◆ WORKING DATA ◆

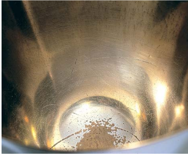
Inneres eines messingversilberten Kelches, von Wein- oder Fruchtsäure zerfressen.
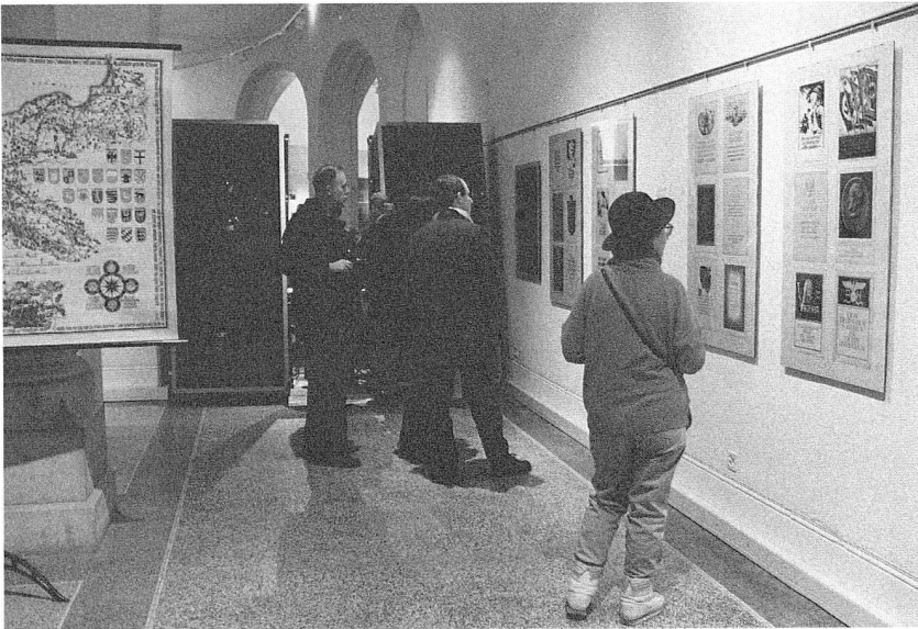
Abb. 12. Besucher in der Sonderausstellung «1.9.39. Ein Versuch über den Umgang mit Erinnerungen an den Zweiten Weltkrieg». (S. 20)

gen von Iwan E. Hugentobler. Die Ausstellung wurde vor allem von Veteranen des Aktivdienstes beachtet und besucht.
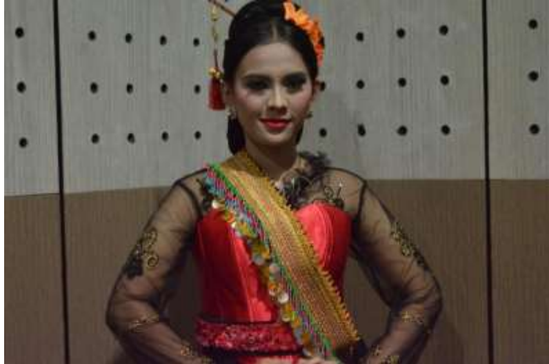
Gb. 26 Finalisasi rias wajah dan rias busana tari Dugderan

Saat pertunjukan merupakan bagian yang penting dalam sebuah pertunjukan Dugderan. Saat pertunjukan merupakan peristiwa pertunjukan inti yang menjadi pusat perhatian semua penonton pertunjukan. Pertunjukan tari Dugderan dipentaskan dalam acara Hari Tari Sedunia pada tanggal 29 April 2018 yang diselenggarakan di Kampung Budaya UNNES. Gerak-gerak yang kenes, gemulai, lincah, dan dinamis dipergelarkan. Gerak-gerak yang berkarakter tari pesisiran sebagai sebuah model tari Semarangan.
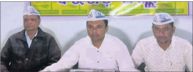
ଖବରଦାତା ସମ୍ମିଳନୀରେ ଏଏପିର ନେତୃତ୍ୱ।

ବେଳେ ହଠାତ୍ ଭାଜପାକୁ ଚାଷୀ ବିରୋଧୀ କହିବା ଆହୁରି ଚକିତ କରୁଛି। ବରପାଲି ବ୍ଲକ, କୃଷି ଆଇନ, ପେଟ୍ରୋଲ, ଡିଜେଲ, ଗ୍ୟାସ୍ ଦରବୃଦ୍ଧି ବେଳେ କେବେ ବିଜେଡି ବିରୋଧୀ ନ କରି ଓଲଟା ଭାଜପାକୁ ସମର୍ଥନ ଦେଇଆସିଛି।
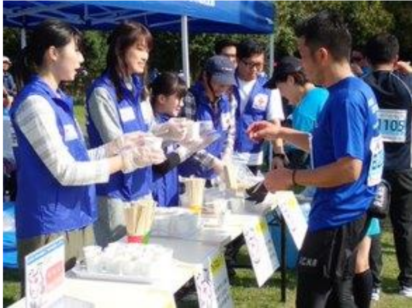
水戸黄門漫遊マラソン
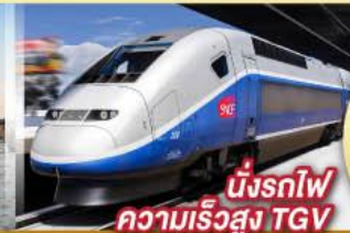
นั่งรถไฟ ความเร็วสูง TGV
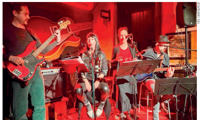
Counts&Peers: Pop- und Rock-Hits, gesungen von zwei starken Frauenstimmen.

Die Haller Gastgarten Wandermusik ist eine Initiative vom Stadtmarketing Hall in Tirol in Zusammenarbeit mit dem Rathauscafé, der Bar Centrale, dem Café Roseneck und dem Café im Zeindlhaus.
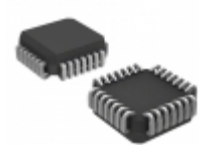
ATF20V8B-7JC Microchip Technology IC PLD 8MC 7.5NS 28PLCC
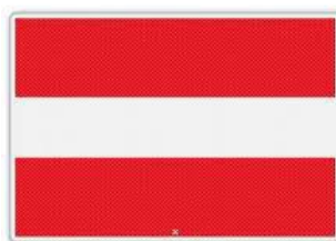
In-, uit- of doorvaart verboden tussen 20:00 en 23:30 (BPR, bijlage 7, A.1 )
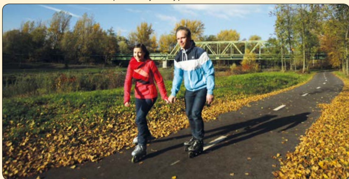
Řepiště – inlinisté u železničního mostu Dolu Paskov
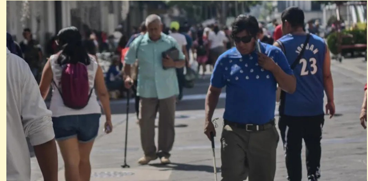
El dinero proviene de los extintos Consejo Nacional para la Inclusión de las Personas con Discapacidad (CONAIPD), del Consejo Nacional Integral de la Persona Adulta Mayor (CONAIPAM), así como del Ministerio de Desarrollo Local.

Entre las acciones contempladas se encuentra el fortalecimiento de la infraestructura física de las aduanas a nivel nacio-
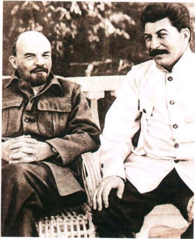
В. Ленин и И. Сталин фото, 1922 г.

Первый камень в фундамент культа личности И. В. Сталина закладывался в ходе внутривнутрипартийных дискуссий 20-х годов под лозунгом выбора верного, ленинского пути строительства социализма и установления идеологического единства.
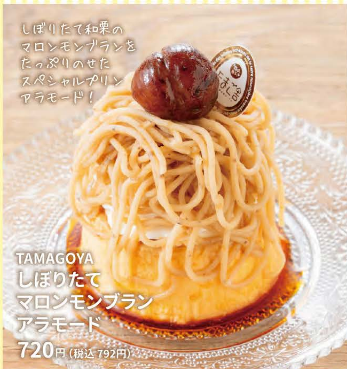
TAMAGOYA しぼりたて マロンモンブラン アラモード

しぼりたて和栗の マロンモンブランを たっぷりのせた スペシャルプリン アラモード!
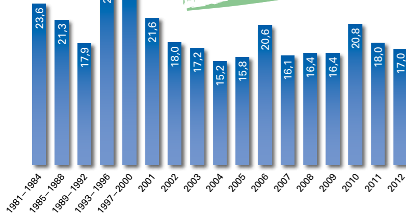
Entwicklung des Flächenverbrauchs in Bayern

17 Hektar pro Tag werden in Bayern für Verkehr und Siedlungsentwicklung verbraucht. Das entspricht ungefähr der Fläche von 24 Fußballfeldern.
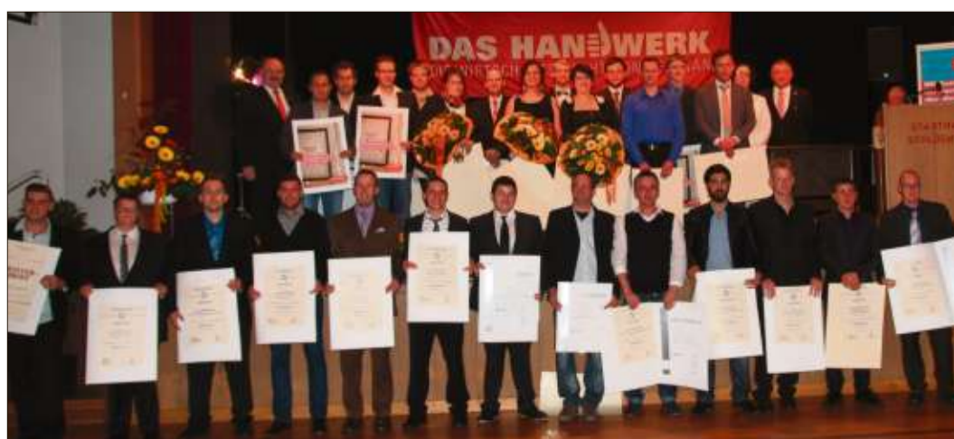
Die frischgebackenen Meister mit ihren Meisterbriefen.
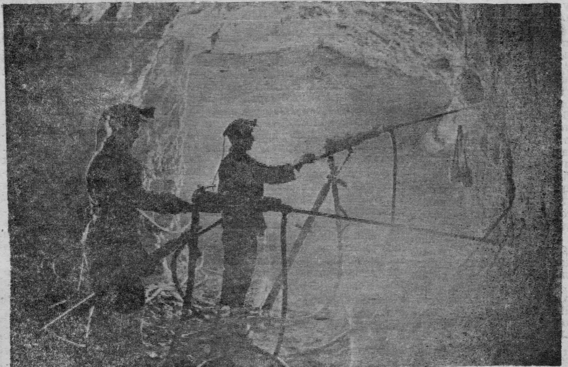
Таштагольский рудник — один из первых и главных поставщиков железной руды для металлургических предприятий Кузбасса. Сейчас на руднике идет подготовка к выемке руды с нулевого горизонта. Горняки взяли повышенные обязательства к 100-летию со дня рождения В. И. Ленина. Промышленная разработка горизонта началась в этом году.

МОРОЗНОЙ выдалась криваются инеем. Прав- елок (не в лесу, конеч- ботников, о чем жители нынешняя зима. Но да, работники пароси- но, а в своих квартирах улиц Чехова и Нахимова у кого теплая квартира, лового хозяйства лесочуть ли не в пальто и быют тревогу уже трет- это не беда: мороз то- промышленного комби- шапках). Не весело при- тий год. Но все тщетно! же по-своему приятен. ната с наступлением ходится и продавцам Не пора ли руководи- Однако для жителей больших морозов успо- магазина «Березка», ко- телям ЛПК основательно улиц Чехова и Нахимо- каивали, вот поступит, торый тоже подключен решить вопрос с котель- ной, сделать все возмож- каивали, вот поступит, торый тоже подключен ное для создания нор- хорошего в этом мало, да отогреться. И люди Дело, конечно, не- мальных условий для ра- так как температура в терпеливо ждали. только в угле. Главная боты и отдыха людей. их квартирах вот уже Наступил Новый год. беда заключается в ма- жителям Яйских Черему- способленной котельной, Жители улиц Чехова и Нахимова. р. п. Яя. дительное время оста- Но он был омрачен для лощной и плохо при- ется низкой. В резуль- жителей Яйских Черему- а также в низкой трудо- домов иногда сплошь по- дили хорорывды вокруг вой дисциплине ее ра-
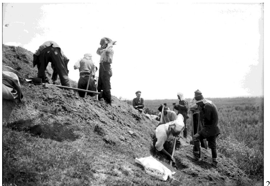
Fig. 2. Explorările arheologice efectuate de Leo Frobenius în sudul României, în 1917. 1 Chiselet-„Măgura Fundeanca”; 2 Cunești-„Măgura Cuneștilor”.
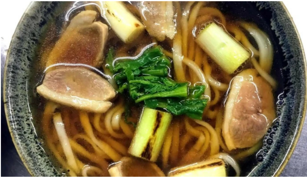
手打ちそばうえのスープ
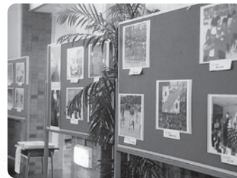
式典イベント部の写真展

◆ WHAT THE EXERCISE ASKS ◆
Match on "tari": copy every line in the records that has it.

◆ RESULT OF THIS TASK ◆
Gb. 26 Finalisasi rias wajah dan rias busana tari Dugderan
Saat pertunjukan merupakan bagian yang penting dalam sebuah pertunjukan Dugderan. Saat pertunjukan merupakan peristiwa pertunjukan inti yang menjadi pusat perhatian semua penonton pertunjukan. Pertunjukan tari Dugderan dipentaskan dalam acara Hari Tari Sedunia pada tanggal 29 April 2018 yang diselenggarakan di Kampung Budaya UNNES. Gerak-gerak yang kenes, gemulai, lincah, dan dinamis dipergelarkan. Gerak-gerak yang berkarakter tari pesisiran sebagai sebuah model tari Semarangan.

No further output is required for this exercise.